Inflammation

Inflammation is increasingly recognized as a major player in the pathophysiological mechanisms of diabetic retinopathy. Through our discovery approaches performed on ocular tissues from human donors with and without diabetes and/or retinopathy, several inflammatory regulators have been identified and are currently under investigation. 

Additionally, alpha-crystallins have been associated with inflammation in multiple sclerosis and other neuro-inflammatory associated diseases, but the potential interaction in diabetic retinopathy has not been explored. We are exploring the role of alpha-crystallins in the regulation of the retinal inflammatory response using cell culture methods as well as animal models of neuro-infllammatory diseases.

Targeting metabolism as a therapeutic for proliferative vitreoretinopathy (PVR)
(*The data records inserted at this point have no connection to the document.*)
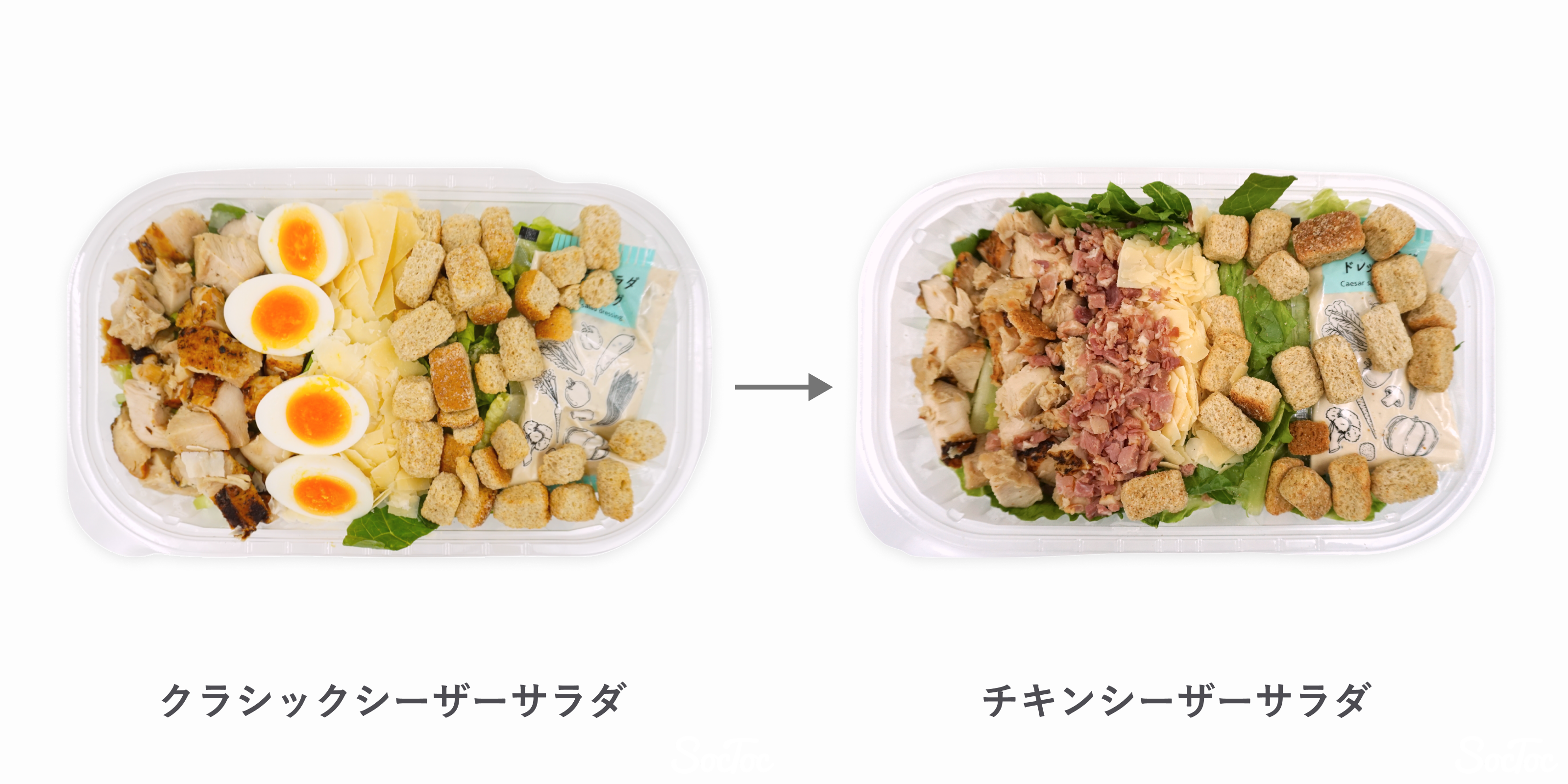 5月頃に急激な卵の高騰がありましたが、通年商品のクラシックシーザーサラダの代わりにチキンシーザーサラダ(復刻商品)の販売がありました。
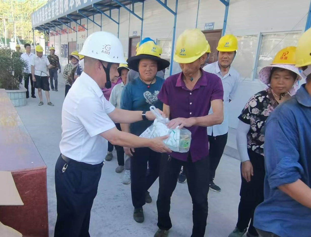 8月7日上午,集團(tuán)公司副總經(jīng)理劉剛到匯興·東岸項(xiàng)目為一線工人發(fā)放清涼物品,強(qiáng)調(diào)項(xiàng)目管理人員要做好防暑降溫工作,改善勞動(dòng)條件和優(yōu)化作業(yè)時(shí)間,保障一線工人高溫作業(yè)安全。
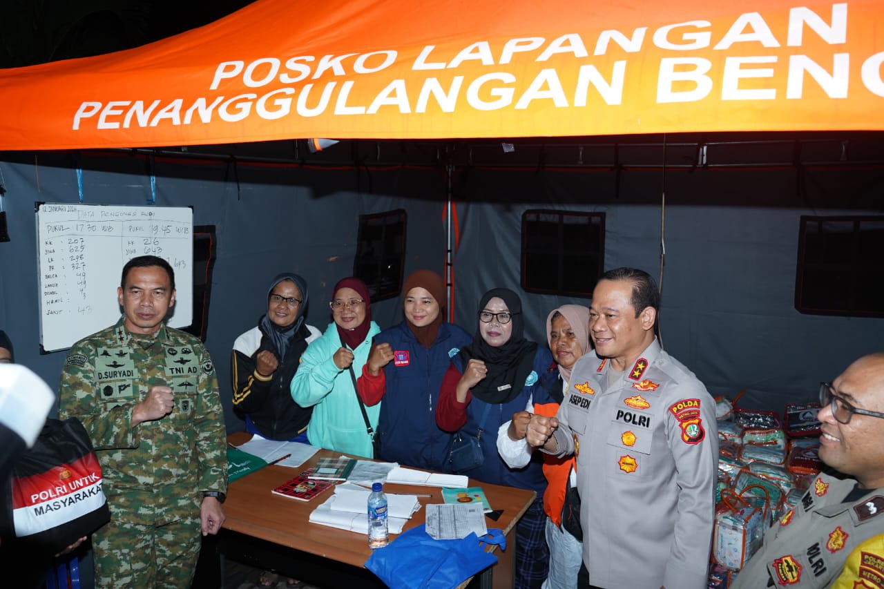 Jakarta Utara — Kapolda Metro Jaya Irjen Pol Asep Edi Suheri, S.I.K., M.Si bersama Pangdam Jaya Mayjen TNI Deddy Suryadi, S.I.P., M.Si mengunjungi para pengungsi korban banjir di Rusun Embrio, RW 04, Kelurahan Semper Barat, Kecamatan Cilincing, Jakarta Utara, Senin malam (12/1/2026).
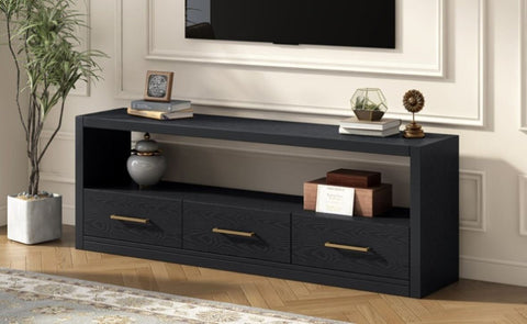 Generous Storage Space:Our TV stand offers abundant storage options with three spacious drawers, providing plenty of room for your media essentials, books, and more. The top surface and drawer fronts are perfect for displaying decor items, ensuring that your living space stays organized and stylish.

Retinal detachment (RD) is an important cause of visual loss and its incidence is increasing. Proliferative vitreoretinopathy (PVR), which is characterized by fibrotic membranes on both surfaces of the retina, represents the greatest risk of failure of RD repair surgery and portends poor visual outcomes. PVR management is currently restricted to the surgical removal of the membranes, which can incite further retinal damage and recurrent PVR. As no pharmacologic intervention has prevented the formation of PVR, a significant unmet therapeutic need exists. Yet, limited understanding of PVR’s molecular mechanisms has hampered development of such therapeutics. This project provides fundamental insight into the cellular metabolic reprogramming that is crucial in the pathogenesis of PVR.

PVR is a complex process that involves the coordination of retinal pigment epithelium (RPE), glia, macrophages, and T cells. As metabolic reprogramming regulates the activation of T cells and macrophages and the fibroblastic transition RPE cells undergo during this visually debilitating process, targeting metabolism may be a novel therapeutic strategy that affects two critical components in PVR pathogenesis.